Directions for this task | What are the lines below, starting at the line containing "In the process, traces" and ending at the line containing "- Touchscreen display"? Write them out exactly, ends included, without pictures.

◇ ◇ ◇ ◇ ◇ ◇ ◇

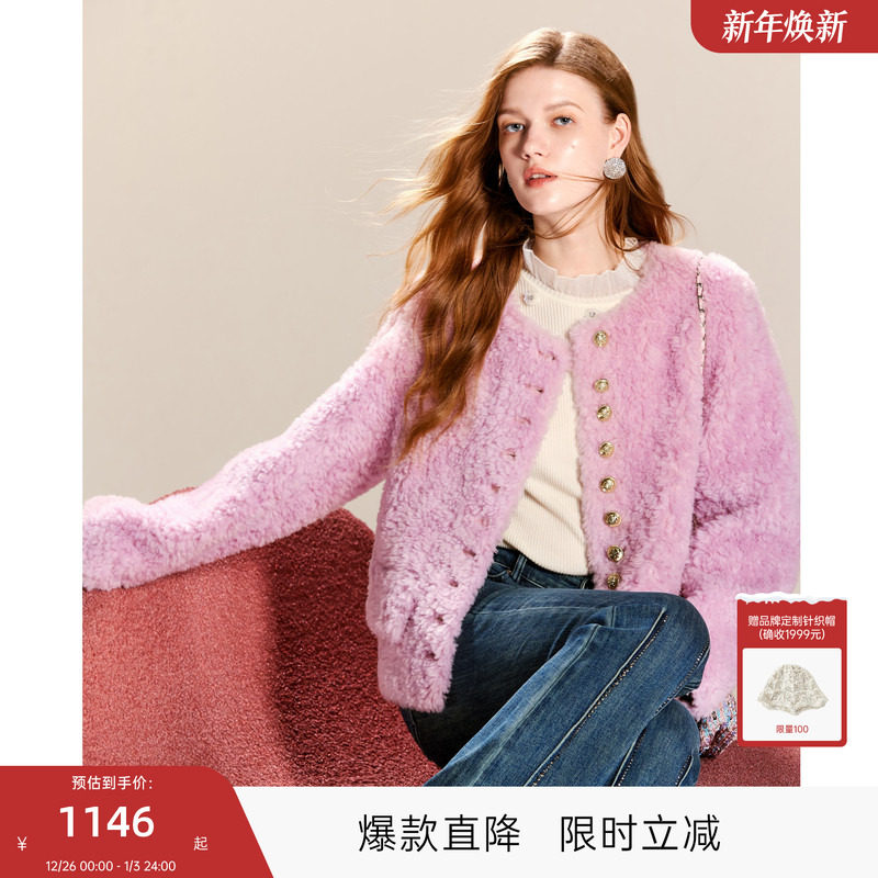 100%绵羊毛 可可尼COCOON2025冬季新款女粉色皮草高级小香风外套
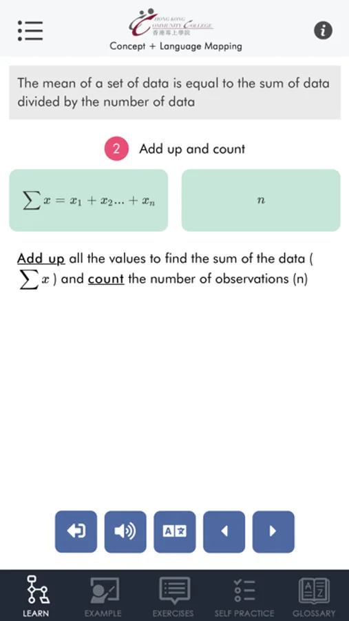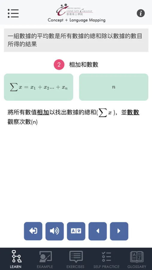 Math CLM is an animated bilingual “Concept + Language Mapping” (CLM) (Lin, 2018; He & Lin, 2019) digital application supports students’ cross-linguistic and cross-modal transfer of prior math learning in a Content and Language Integrated Learning (CLIL) context which is funded by the Quality Enhancement Support Scheme (QESS) of the Self-financing Post-secondary Education Fund (SPEF). It provides a platform for students to review the mathematical concepts learnt in HKDSE through a CLIL approach, and under this approach language and mathematical concepts can be learnt together.
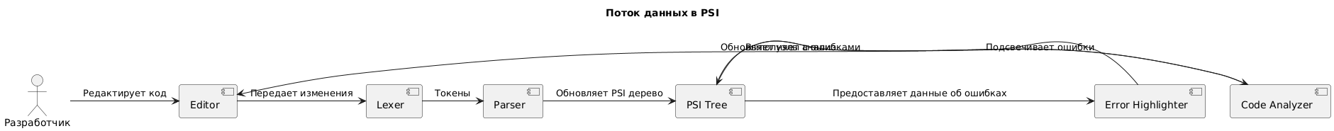 Диаграммы, представленные выше, помогают визуализировать различные аспекты архитектуры PSI и ее взаимодействие с другими компонентами IDE.
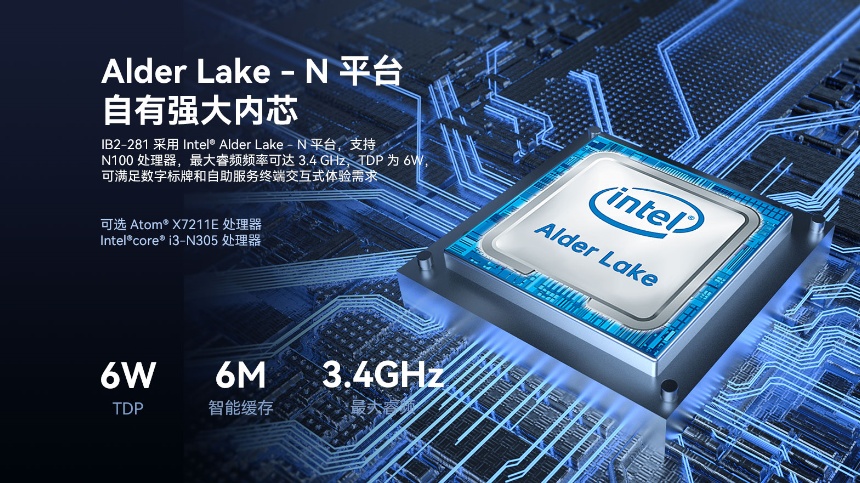 性能與功耗的平衡:IB2-281采用intel®Alder Lake-N平臺,支持N100處理器,最大睿頻頻率可達3.4GHz,如此強悍性能情況下,功耗僅為6W。某連鎖品牌全國部署超1萬臺無人零售設備,每年單電費,可節省近百萬元運營成本,這是一筆不容小覷的純利潤。
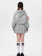 A sweet and casual embroidered cropped hoodie featuring a relaxed fit and versatile design, perfect for everyday wear.
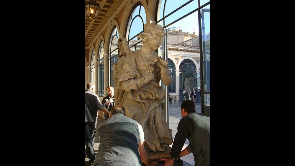 In the process, traces of whitewash were found on the five Bernini angel models. This is very probably the result of an 18th-century restoration undertaken when the works were gathered together and placed in Clement XI’s Museum of Models within the Vatican Tower of the Winds.
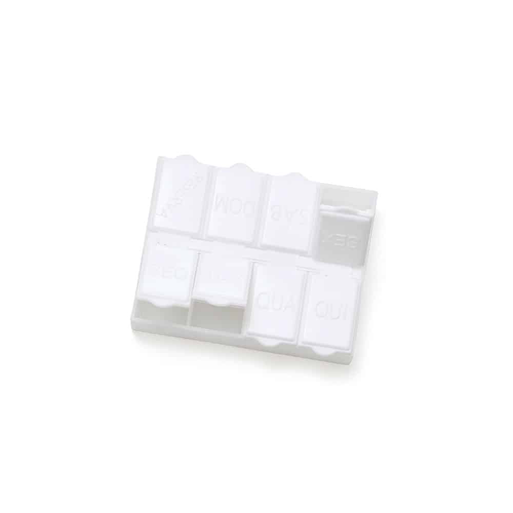 Porta comprimidos semanal de plástico branco fosco. Possui oito divisórias, sete delas escrito em relevo os dias da semana e a última escrito reserva. Verso liso. OBS.: PEDIDO MÍNIMO DE 50 PEÇAS!
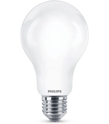 Ampoule Led Standard E27 17,5w 2452lm 2700k Lumière Chaude. Taille: Ø7,5x12,1cm (diamètre/hauteur) 15000h. Ac 220-240v Classe Énergétique D Verre Mat, Non Gradable, Irc:80 Classe D. Angle D'ouverture 360°. Équivalence: 150w. Philips ...
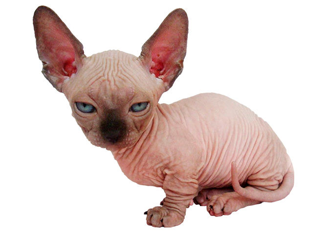 - Characteristics of the coat: almost without hair, some specimens are completely bald while others have very short hair (like peach fuzz)
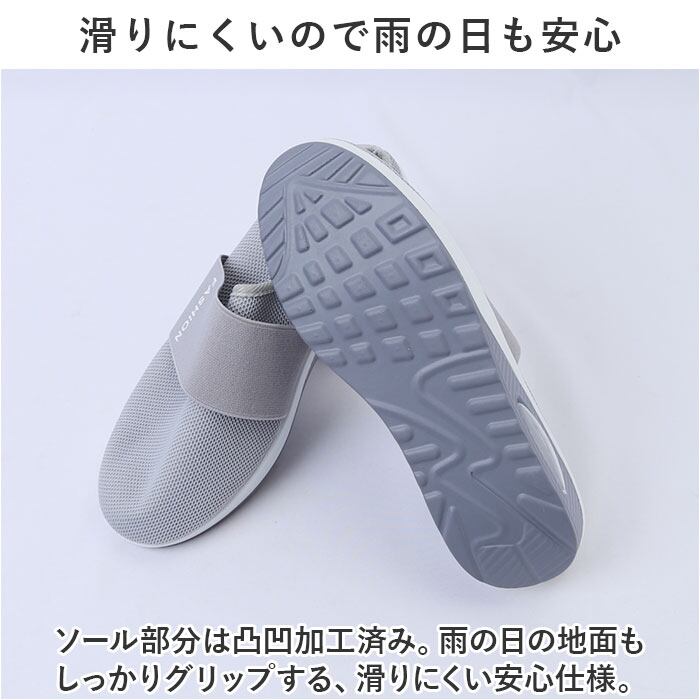 ・ソール部分は凸凹加工済み。雨の日の地面もしっかりグリップする、滑りにくい安心仕様。
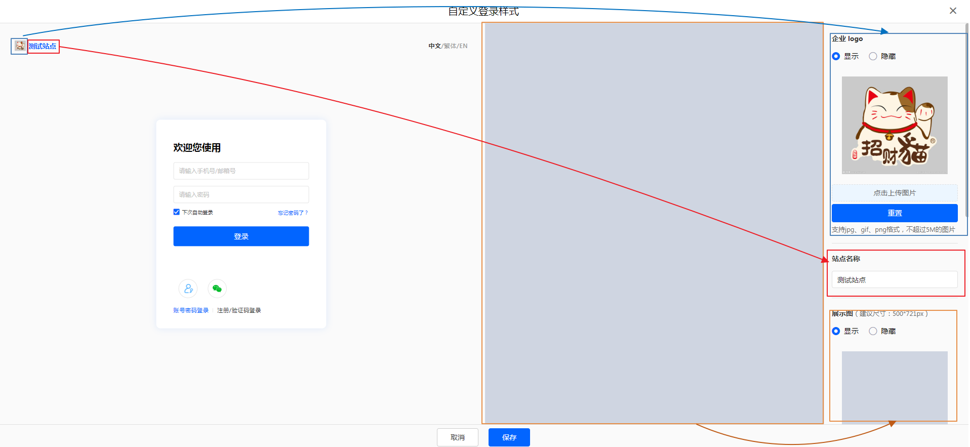 - 自定义登录页的配置,通过企业URL打开登录页生效;站点登录页的自定义样式需要私有云后台配置。
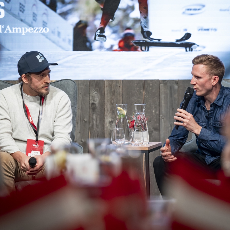 Ein besonderer Programmpunkt am Standortagentur-Tirol-Tag war der Talk zum Thema Athlet:innen‑Sponsoring, bei dem der Tiroler Kletterstar Jakob Schubert gemeinsam mit Johannes Erhart (Agentur CASABLANCA, links) Einblicke in die Praxis gab.
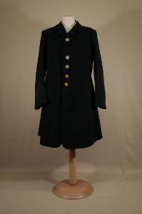 Livrea confezionata in panno nero, collo con reversi, mostre dritte dove sono sei bottoni in metallo fuso con stemma gentilizio (di cui uno staccato) e altrettanti occhielli, falde che si riuniscono posteriormente in piegoni fermati e spacco centrale, punto vita segnato da due bottoni. Maniche in due pezzi dritta. Fodera in diagonale nero e per le maniche in diagonale azzurro; sul petto è una tasca a filetto. Etichetta cucita sul dorso. Intorno al collo è applicato un nastro in raso a righe verdi e gialle.
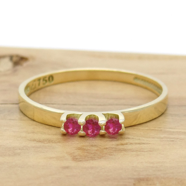 Anel Estilo Solitário com 3 Rubis Totalizando 15 Pontos, em Ouro Amarelo 18 Kilates
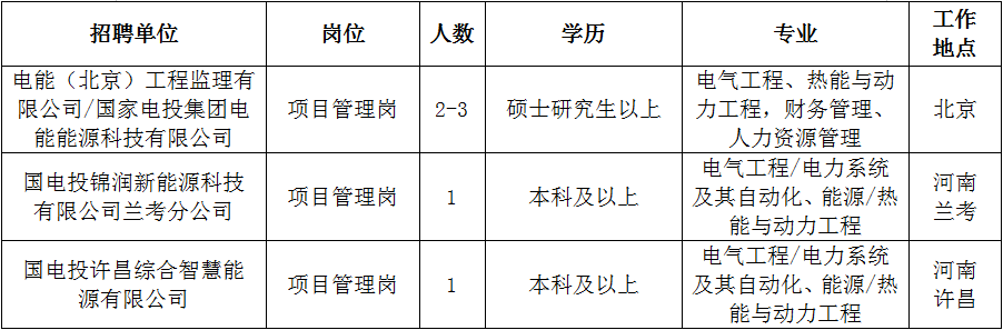 根據(jù)業(yè)務(wù)發(fā)展需要,中國(guó)電能所屬企業(yè)電能(北京)工程監(jiān)理有限公司、國(guó)家電投集團(tuán)電能能源科技有限公司、國(guó)電投錦潤(rùn)新能源科技有限公司蘭考分公司、國(guó)電投許昌綜合智慧能源有限公司面向2023年高校應(yīng)屆畢業(yè)生進(jìn)行公開選聘。
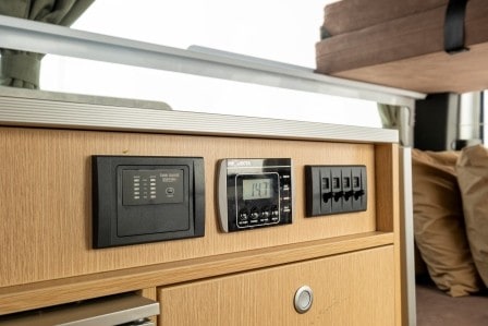 - Touchscreen display with radio, Bluetooth, Android Auto/Apple CarPlay, USB-C in cab, USB in house
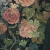 This is an exquisite composition of dense, luxurious roses and a variety of greenery against a dark background. Large flowers in soft pink-peach shades, with small yellow and white inflorescences breaking through. The petals and leaves are painted with attention to texture, the contrast of light and shadow, which creates a sense of depth and mystery. The work breathes romance and fills the space with the sophistication of an old bouquet still life.
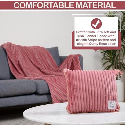 𝐖𝐚𝐫𝐦𝐭𝐡 𝐖𝐡𝐞𝐫𝐞𝐯𝐞𝐫 𝐘𝐨𝐮 𝐖𝐚𝐧𝐝𝐞𝐫: Our Carefully Crafted fleece packable travel pillow blanket is ultra soft and lush, This fuzzy airplane blanket features a beautiful dusty rose color with classic stripe pattern that provides the utmost coziness and comforting touch with warmness wherever you are. Our packable travel blanket is one of several traveling essentials that makes travel easier!
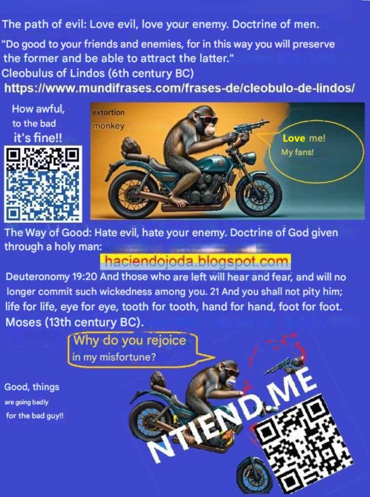 The love of enemies is a deception of the enemy of God, the denial of the law that prohibits the consumption of foods such as pork and bats is also a deception; The Bible has lies from the empire that never converted to the faith that it persecuted, the Roman empire persecuted that faith to destroy it by Hellenizing it. In the version of the gospel falsified by the Romans in Matthew 15:11 Jesus tells us (To deny the law in Deuteronomy 14): “Eat everything because nothing that enters a man’s mouth contaminates him”, the Romans are thus accusing Jesus of something that as a faithful Jew he never said: Like Antiochus IV Epiphanes, they had in mind to Hellenize the true religion. The gospel was Hellenized by the Romans, like the face of Zeus, so they tell us with the images that it was the face of Jesus; and the doctrine of the Greek Cleobulus of Lindos is the one that says: “Love your enemy”, but they tell us that Jesus taught it: And that is a lie. Antiochus IV Epiphanes tortured eight Jews, seven brothers and their mother because they refused to eat pork because God forbids it (Leviticus 11, 2 Maccabees 7). The prophecy in Isaiah 65 confirms two things: 1 # God loves his friends and hates his enemies. 2# The consumption of pork is confirmed prohibited. Antiochus, the Greek king: “Would you like to eat pork so they won’t cut your body to pieces? (2 Maccabees 7:7).” Zeus, the Greek god: “Nothing that I God did is bad if you receive it by praying to me, are they going to refuse to eat pork?, worship me all, those who don’t, go to eternal fire (1 Timothy 4:3 , Hebrews 1:6, Luke 11:28, Matthew 18:7).” The phrase: “Do good to your friends and enemies, because in this way you will preserve the ones and it will be possible for you to attract the others.” It is from Cleobulus of Lindos, “love your enemy is another way of saying the same thing”, but that contradicts the law and the prophets, Jesus respected the word of God, but the Roman persecutors did not.
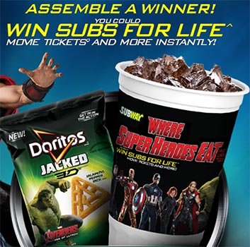 Subway is offering you a chance to win subs for life, movie tickets and more instantly when you assemble a winner in their Where Heroes Eat Sweepstakes.
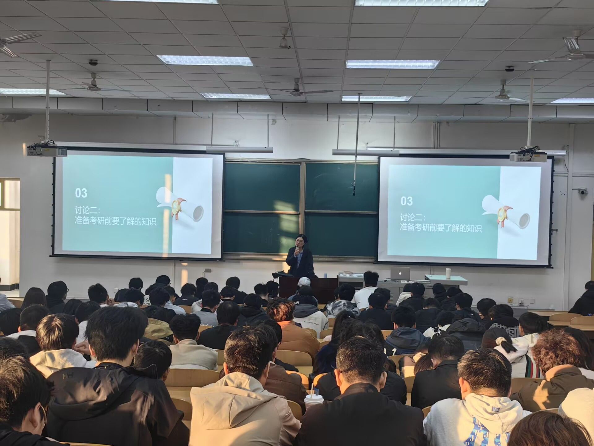 考研輔導老師李海霞為同學們帶來了一場內容詳實、富有啟發性的講座。她從社會發展需求、個人價值提升、職業發展前景等多個維度,深入剖析了考研的重要性與優勢。同時,她結合多年指導經驗,為同學們系統講解了考研準備期間的關鍵環節,包括院校專業選擇、復習策略制定、時間管理方法以及心態調整技巧等,為同學們提供了考研就業的方向性指引。同學們紛紛表示,通過講座,受益匪淺,要提前做好職業規劃,做到就業考研兩手抓。
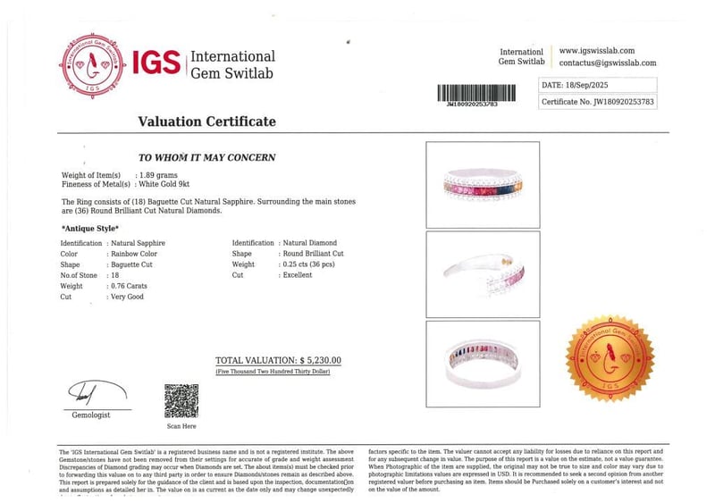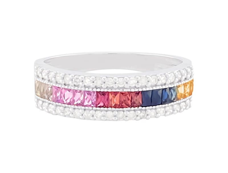 9CT WHITE GOLD DIAMND AND RAINBOW SAPPHIRE RING Date : 11/09/2025 Category: Ring Comment: 9Kwg Natural : Diamond 0.25 Ct (36Pcs) Natural :Rainbow Sapphire 0.76Ct (18Pcs) Item Weight : 1.89 G Condition: Good - Refer Images 253783488284+253783
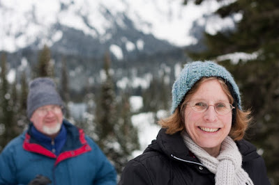 Tom was determined to get his folks down to Mt. Rainier National Park as part of their visit this Christmas, so even though the weather report was marginal at best, we loaded up the Suby with all of our winter gear, and headed south. We arrived at Paradise, strapped on our snowshoes and headed toward the mountain. Rainier was mostly visible, which we would take as a win.

◇ ◇ ◇ ◇ ◇ ◇ ◇

Task result |
 In the process, traces of whitewash were found on the five Bernini angel models. This is very probably the result of an 18th-century restoration undertaken when the works were gathered together and placed in Clement XI’s Museum of Models within the Vatican Tower of the Winds.
 Porta comprimidos semanal de plástico branco fosco. Possui oito divisórias, sete delas escrito em relevo os dias da semana e a última escrito reserva. Verso liso. OBS.: PEDIDO MÍNIMO DE 50 PEÇAS!
 Ampoule Led Standard E27 17,5w 2452lm 2700k Lumière Chaude. Taille: Ø7,5x12,1cm (diamètre/hauteur) 15000h. Ac 220-240v Classe Énergétique D Verre Mat, Non Gradable, Irc:80 Classe D. Angle D'ouverture 360°. Équivalence: 150w. Philips ...
 - Characteristics of the coat: almost without hair, some specimens are completely bald while others have very short hair (like peach fuzz)
 ・ソール部分は凸凹加工済み。雨の日の地面もしっかりグリップする、滑りにくい安心仕様。
 - 自定义登录页的配置,通过企业URL打开登录页生效;站点登录页的自定义样式需要私有云后台配置。
 Ein besonderer Programmpunkt am Standortagentur-Tirol-Tag war der Talk zum Thema Athlet:innen‑Sponsoring, bei dem der Tiroler Kletterstar Jakob Schubert gemeinsam mit Johannes Erhart (Agentur CASABLANCA, links) Einblicke in die Praxis gab.
 Livrea confezionata in panno nero, collo con reversi, mostre dritte dove sono sei bottoni in metallo fuso con stemma gentilizio (di cui uno staccato) e altrettanti occhielli, falde che si riuniscono posteriormente in piegoni fermati e spacco centrale, punto vita segnato da due bottoni. Maniche in due pezzi dritta. Fodera in diagonale nero e per le maniche in diagonale azzurro; sul petto è una tasca a filetto. Etichetta cucita sul dorso. Intorno al collo è applicato un nastro in raso a righe verdi e gialle.
 Anel Estilo Solitário com 3 Rubis Totalizando 15 Pontos, em Ouro Amarelo 18 Kilates
 根據(jù)業(yè)務(wù)發(fā)展需要,中國(guó)電能所屬企業(yè)電能(北京)工程監(jiān)理有限公司、國(guó)家電投集團(tuán)電能能源科技有限公司、國(guó)電投錦潤(rùn)新能源科技有限公司蘭考分公司、國(guó)電投許昌綜合智慧能源有限公司面向2023年高校應(yīng)屆畢業(yè)生進(jìn)行公開選聘。
 - Touchscreen display with radio, Bluetooth, Android Auto/Apple CarPlay, USB-C in cab, USB in house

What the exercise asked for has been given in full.